America’s sugar policy is designed to cost taxpayers nothing. Zip. Zilch. Nada.
That seems like a pretty sweet deal. But how exactly does U.S. sugar policy work? It’s simple:
- The U.S. is the 5th largest producer and 3rd largest importer in the world.
- Existing trade deals provide preferential access to 41 countries, with the U.S. importing as much as 1/3 of consumption needs in recent years.
- The Farm Bill authorizes USDA to offer loans to domestic producers to provide for orderly marketing.
- Because loans are repaid with interest and there are no subsidy checks, the policy operates at $0 cost to taxpayers.
- If too much sugar is produced, U.S. producers store the excess at their own expense.
- If more sugar is needed, additional sugar can be quickly imported.
That policy gives sugar producers stability and predictability, allowing farmers and workers to keep America supplied with a reliable supply of high-quality sugar.
Our efficient industry, backed by a strong and flexible sugar policy, helped us respond to the challenges of 2020. To ensure store shelves stayed stocked during the first six months of the pandemic, sugar producers quickly shifted 90,000 tons of sugar from commercial outlets to consumer packaging. That means sugar producers redirected the equivalent of 45,000,000 four-pound sugar bags to store shelves in order to keep your pantry stocked.
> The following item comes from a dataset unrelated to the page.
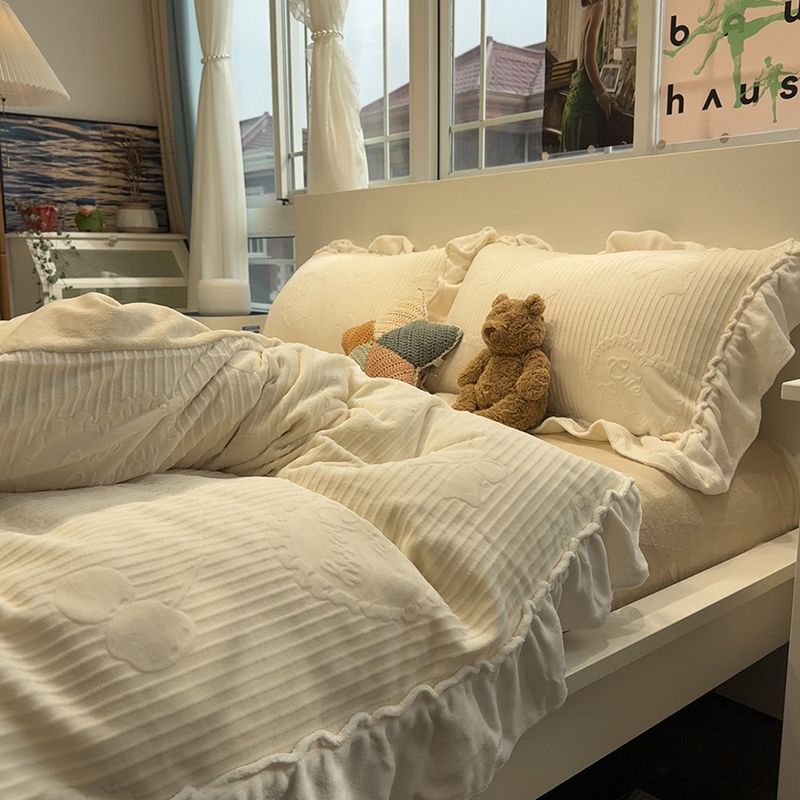 保暖加厚大花边雕花牛奶绒床上四件套珊瑚绒被套法莱绒床单三件套

Americans find sugar to be affordable, too, with a recent survey finding that 63 percent of Americans believe sugar is not expensive at all. A pound of sugar today costs about $0.65 – that’s down about 20 percent over the past 40 years when accounting for inflation.
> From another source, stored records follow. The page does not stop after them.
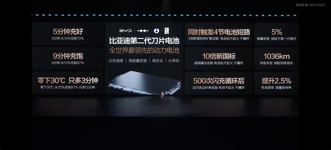 3月5日,在深圳举行的技术发布会上,比亚迪正式发布第二代刀片电池与闪充技术。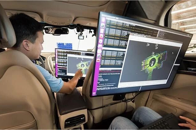 Engineers test in a self-driving car at Jingchi Corp (Photo courtesy of Jinchi Corp)
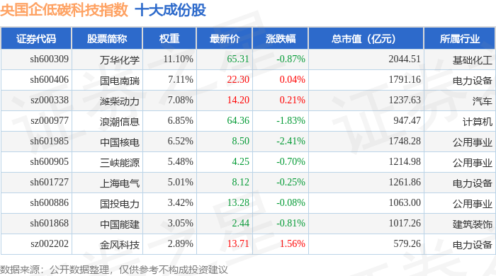 央国企低碳科技(980082)指数十大成份股详情如下: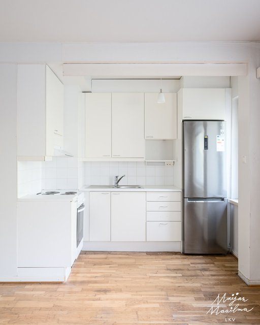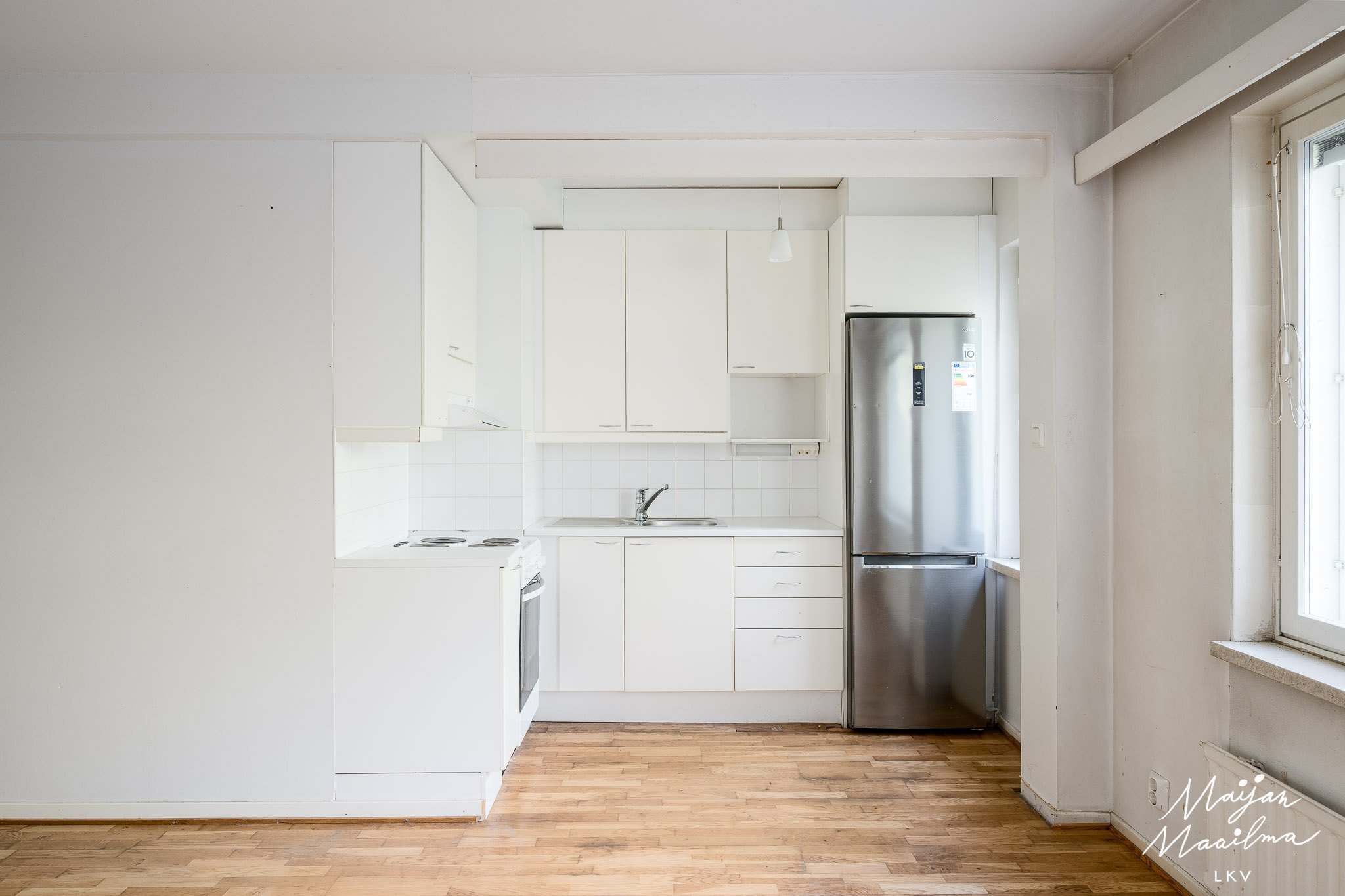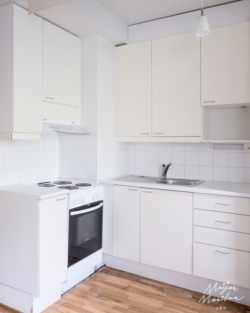 - Avokeittiö: Parkettilattia, maalatut seinät. Valkoiset kaapistot. Uuni, liesi, liesituuletin ja jääkaappi-pakastin.

Importantly, without a strong sugar policy, American sugar farmers and workers would be facing competition from a massively distorted global sugar market wrecked by foreign subsidies. While the countries below are among the worst offenders, market-disrupting policies are commonplace in most countries around the world.
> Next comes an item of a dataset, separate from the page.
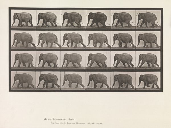 Editor: Here we have Eadweard Muybridge’s *Animal Locomotion,* specifically Volume IX, Horses, from 1887, using gelatin silver prints. It's fascinating to see the stages of movement captured so scientifically! How would you interpret this work, thinking about its broader significance? Curator: This piece isn't just about depicting a horse running. Think about the late 19th century; the question of accurate representation was raging, especially regarding motion. Muybridge's work intersected with debates around scientific objectivity, the limitations of human perception, and emerging technologies. How does this series challenge our assumptions about seeing? Editor: Well, it definitely breaks down the action into distinct moments, proving, for example, that all four hooves leave the ground at once – something the naked eye can’t perceive. But beyond that, what do you think Muybridge was trying to say about the horse itself? Curator: Consider the power dynamics inherent in observation and control. Muybridge's project, while seemingly objective, raises questions about how we categorize and dominate the natural world. How might ideas about gender, class and scientific progress influenced how and why people approached nature then? What does "progress" mean when we talk about technological representation? Editor: So, you're saying it’s less about celebrating the horse's beauty and more about a specific kind of gaze… almost a Victorian desire to dissect and understand through a very particular lens? Curator: Precisely. And let's not forget how these images were later used to inform artistic depictions. Artists used his photos as reference for realistic depiction in painting and sculpture. These "objective" images fed back into and shaped the imaginary realm. Editor: I hadn’t considered that cycle. I now see it as a piece deeply embedded in the social and technological anxieties of its time. Curator: Exactly. By situating it within the matrix of power, science and representation, we reveal how even seemingly neutral images can carry significant ideological weight.

On the global market, sugar prices barely cover half the average cost of producing sugar – a result of over-production and trade-distorting subsidies. Mega-subsidizers like Brazil, Thailand, and India flood and distort the world market with their surplus sugar using government subsidies and policies – in some cases in apparent violation of international trade obligations.
That’s why Congress has repeatedly rebuffed attempts to dismantle America’s no-cost sugar policy, most recently by an overwhelming 141-vote margin in the House.
All this at no cost to taxpayers? Now that’s smart policy.